Every line from the first one in the data below through the line holding "U パール ニット セーター シャツ 長袖 フリル ケーブル 白 ホワイト" is to be written out exactly, with the pictures omitted.

=-=-=-=-=

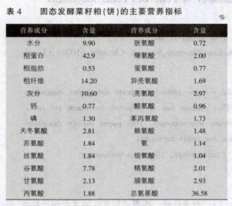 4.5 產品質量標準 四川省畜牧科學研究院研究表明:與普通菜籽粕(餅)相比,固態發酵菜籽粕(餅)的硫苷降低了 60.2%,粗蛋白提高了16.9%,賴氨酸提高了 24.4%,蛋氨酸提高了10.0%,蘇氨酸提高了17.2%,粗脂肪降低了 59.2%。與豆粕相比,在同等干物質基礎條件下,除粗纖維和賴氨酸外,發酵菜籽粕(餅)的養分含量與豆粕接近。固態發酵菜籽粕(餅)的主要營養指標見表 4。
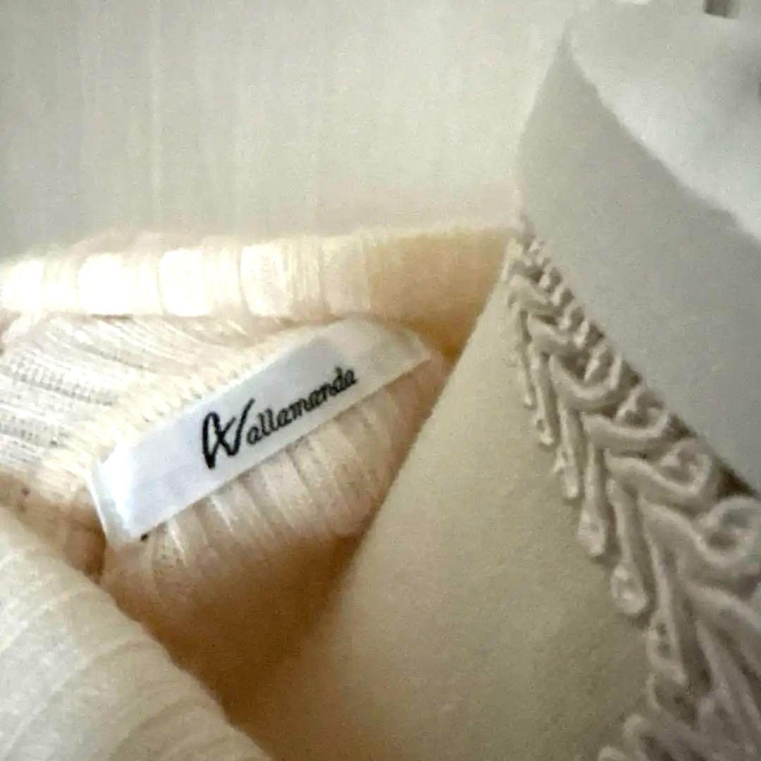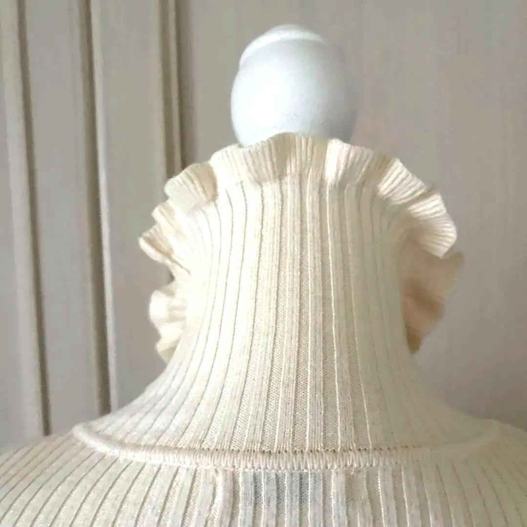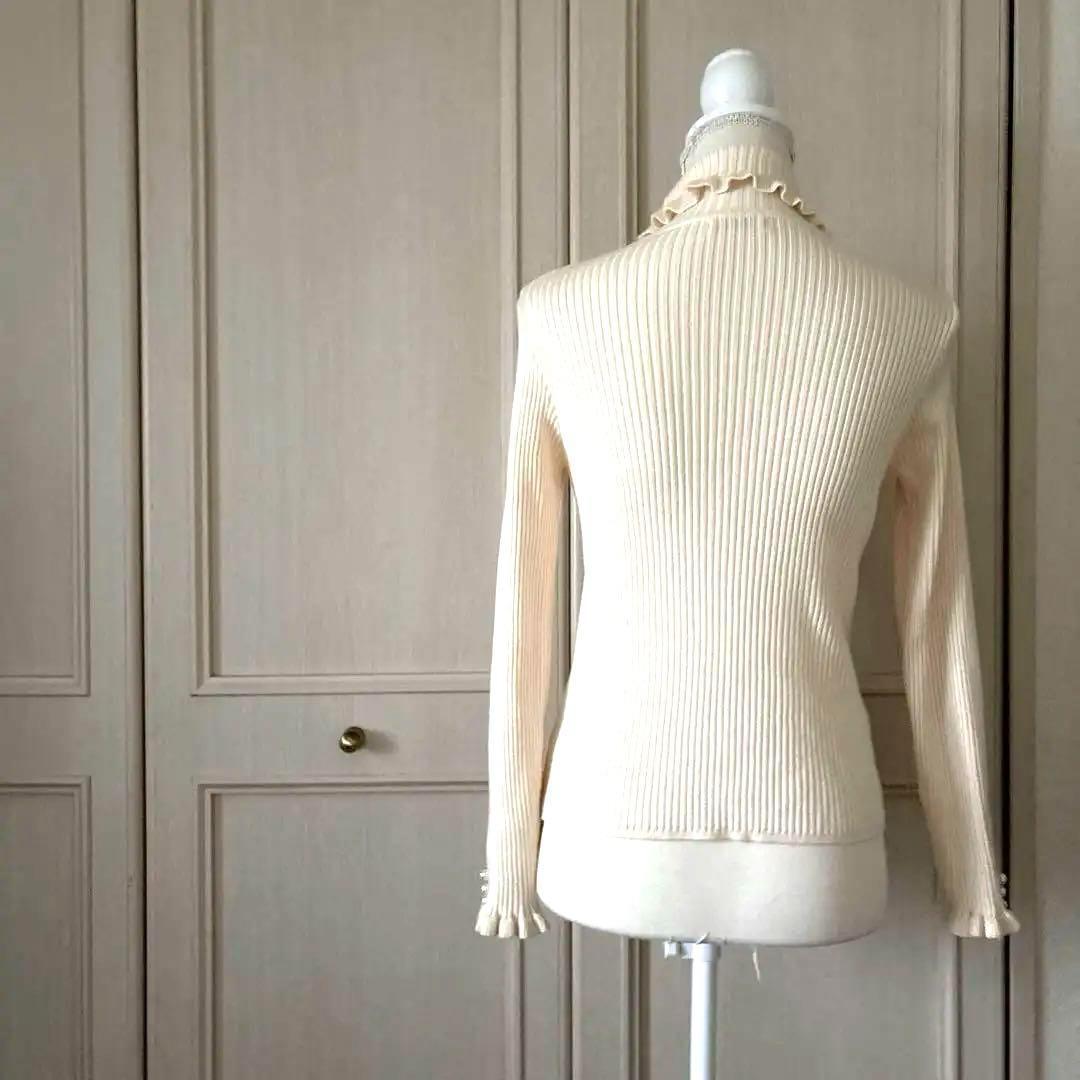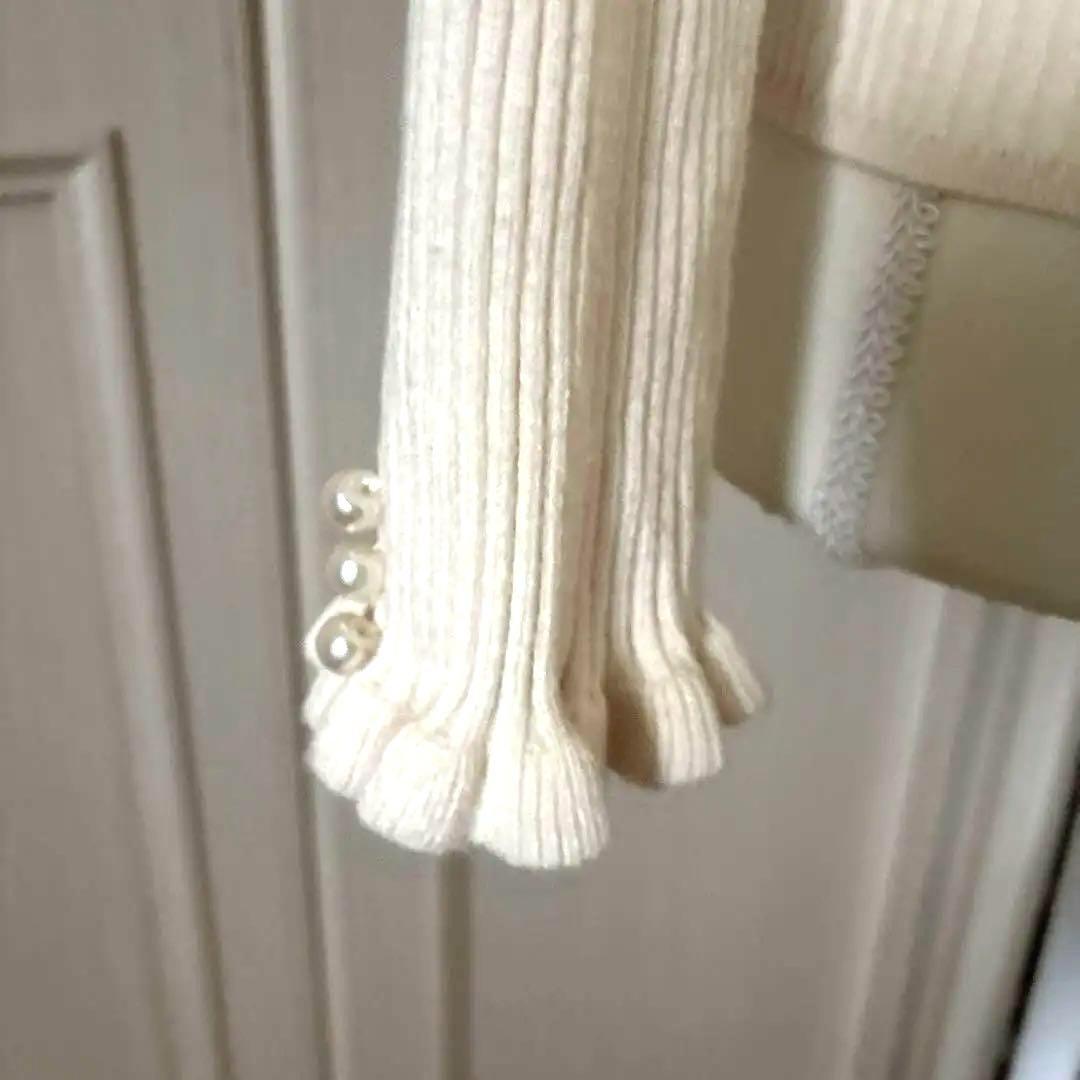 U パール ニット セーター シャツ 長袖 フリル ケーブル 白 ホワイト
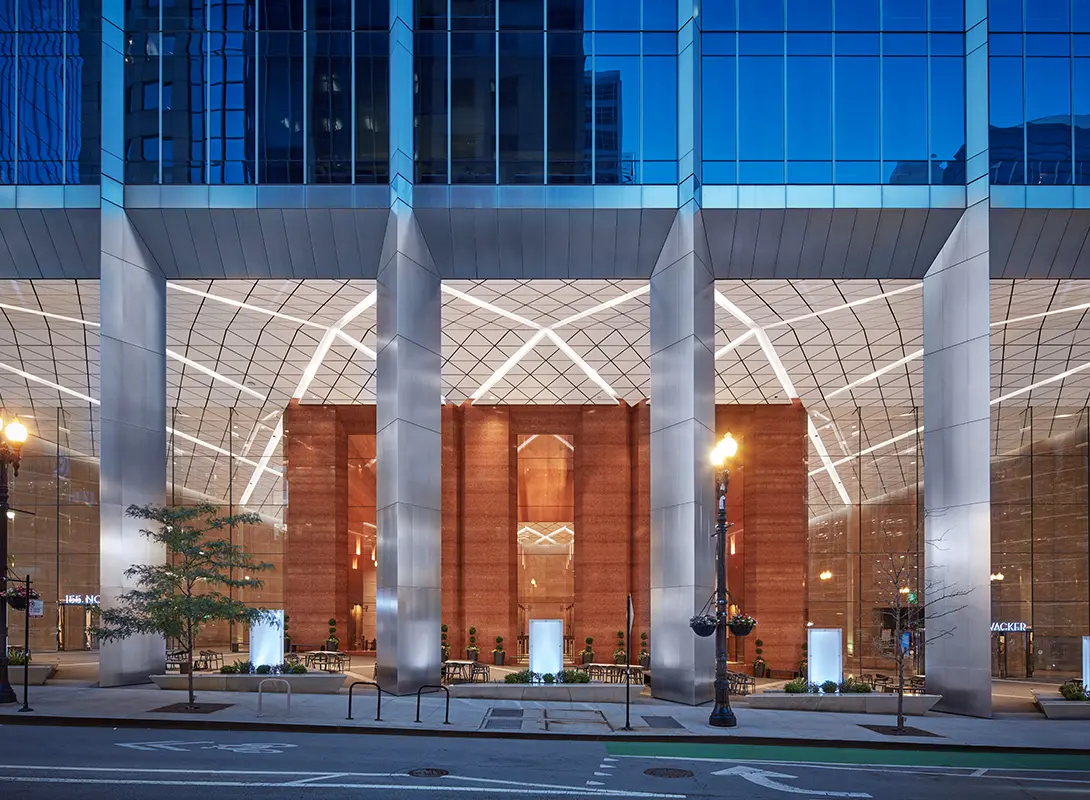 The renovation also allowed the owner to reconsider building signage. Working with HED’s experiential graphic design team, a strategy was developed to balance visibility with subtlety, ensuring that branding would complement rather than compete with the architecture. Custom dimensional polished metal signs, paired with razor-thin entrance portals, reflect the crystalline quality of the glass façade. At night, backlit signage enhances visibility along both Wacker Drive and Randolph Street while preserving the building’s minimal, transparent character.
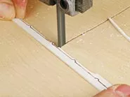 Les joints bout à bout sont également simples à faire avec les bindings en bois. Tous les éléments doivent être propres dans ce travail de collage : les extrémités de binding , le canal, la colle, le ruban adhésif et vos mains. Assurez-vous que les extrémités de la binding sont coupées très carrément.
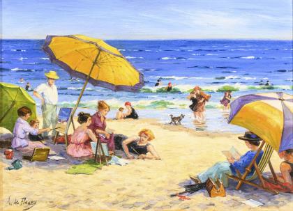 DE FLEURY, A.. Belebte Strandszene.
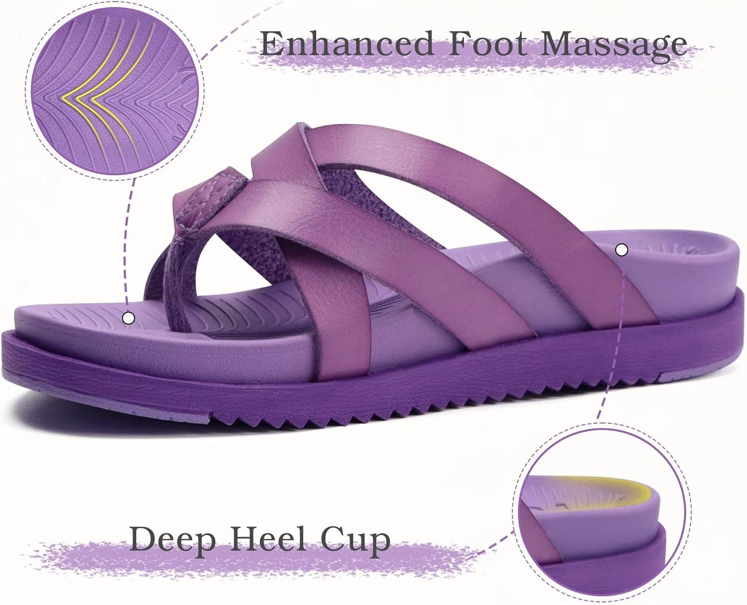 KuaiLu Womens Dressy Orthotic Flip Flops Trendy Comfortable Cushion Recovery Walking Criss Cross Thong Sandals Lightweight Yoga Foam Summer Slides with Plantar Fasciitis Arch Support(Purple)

=-=-=-=-=

WRITTEN RESPONSE:
 4.5 產品質量標準 四川省畜牧科學研究院研究表明:與普通菜籽粕(餅)相比,固態發酵菜籽粕(餅)的硫苷降低了 60.2%,粗蛋白提高了16.9%,賴氨酸提高了 24.4%,蛋氨酸提高了10.0%,蘇氨酸提高了17.2%,粗脂肪降低了 59.2%。與豆粕相比,在同等干物質基礎條件下,除粗纖維和賴氨酸外,發酵菜籽粕(餅)的養分含量與豆粕接近。固態發酵菜籽粕(餅)的主要營養指標見表 4。
 U パール ニット セーター シャツ 長袖 フリル ケーブル 白 ホワイト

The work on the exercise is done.